** Assigned task **
Print exactly the line that contains "For instance, Magic", then every following line through the end of the material; include nothing else and no pictures.
====== Raw data ======
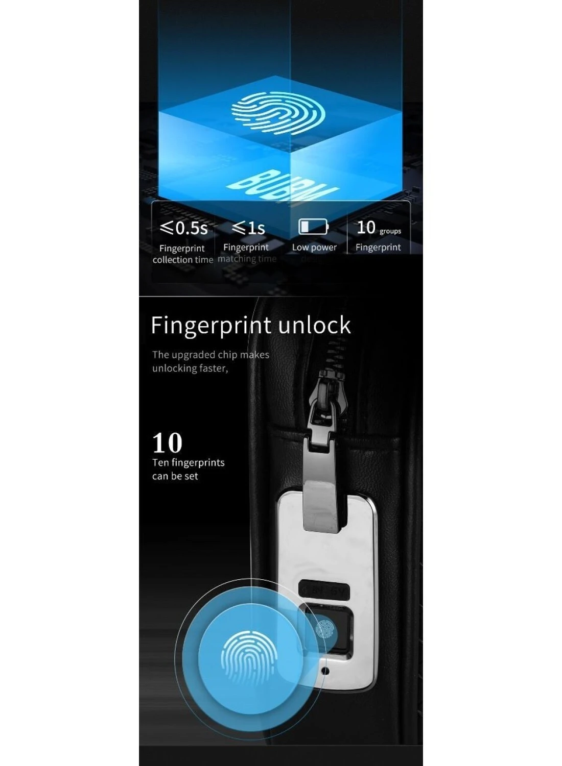 Ust lock and unlock with your fingerprint no key or password required.No longer have to worry about password being cracked.Simple and Stylish business clutch bag.Unique and excellent design. Ingenuity, carefully selected soft leather. Fingerprint unlock - your finger can unlock.Intelligent processing chip, fast recognition, one touch open immediately.
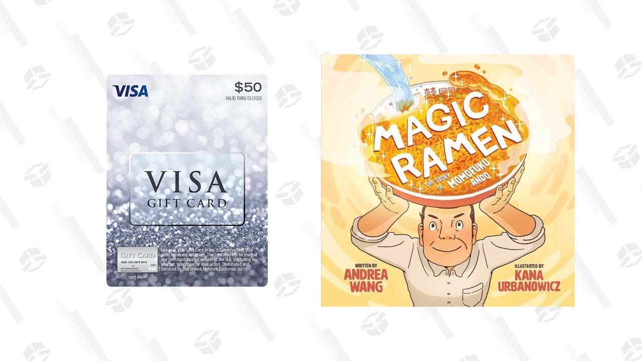 For instance, Magic Ramen, a picture book biography about the inventor of instant ramen, or Minette’s Feast: The Delicious Story of Julia Child and Her Cat can be paired with a gift certificate to a local restaurant, a food delivery service, a grocery store, or another purveyor of food.
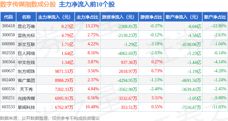 资金流向方面,数字传媒(399434)指数成份股当日主力资金净流出合计11.14亿元,游资资金净流入合计7.84亿元,散户资金净流入合计3.3亿元。成份股资金流向详情见下表:
======
** Solution to this task **
 For instance, Magic Ramen, a picture book biography about the inventor of instant ramen, or Minette’s Feast: The Delicious Story of Julia Child and Her Cat can be paired with a gift certificate to a local restaurant, a food delivery service, a grocery store, or another purveyor of food.
 资金流向方面,数字传媒(399434)指数成份股当日主力资金净流出合计11.14亿元,游资资金净流入合计7.84亿元,散户资金净流入合计3.3亿元。成份股资金流向详情见下表:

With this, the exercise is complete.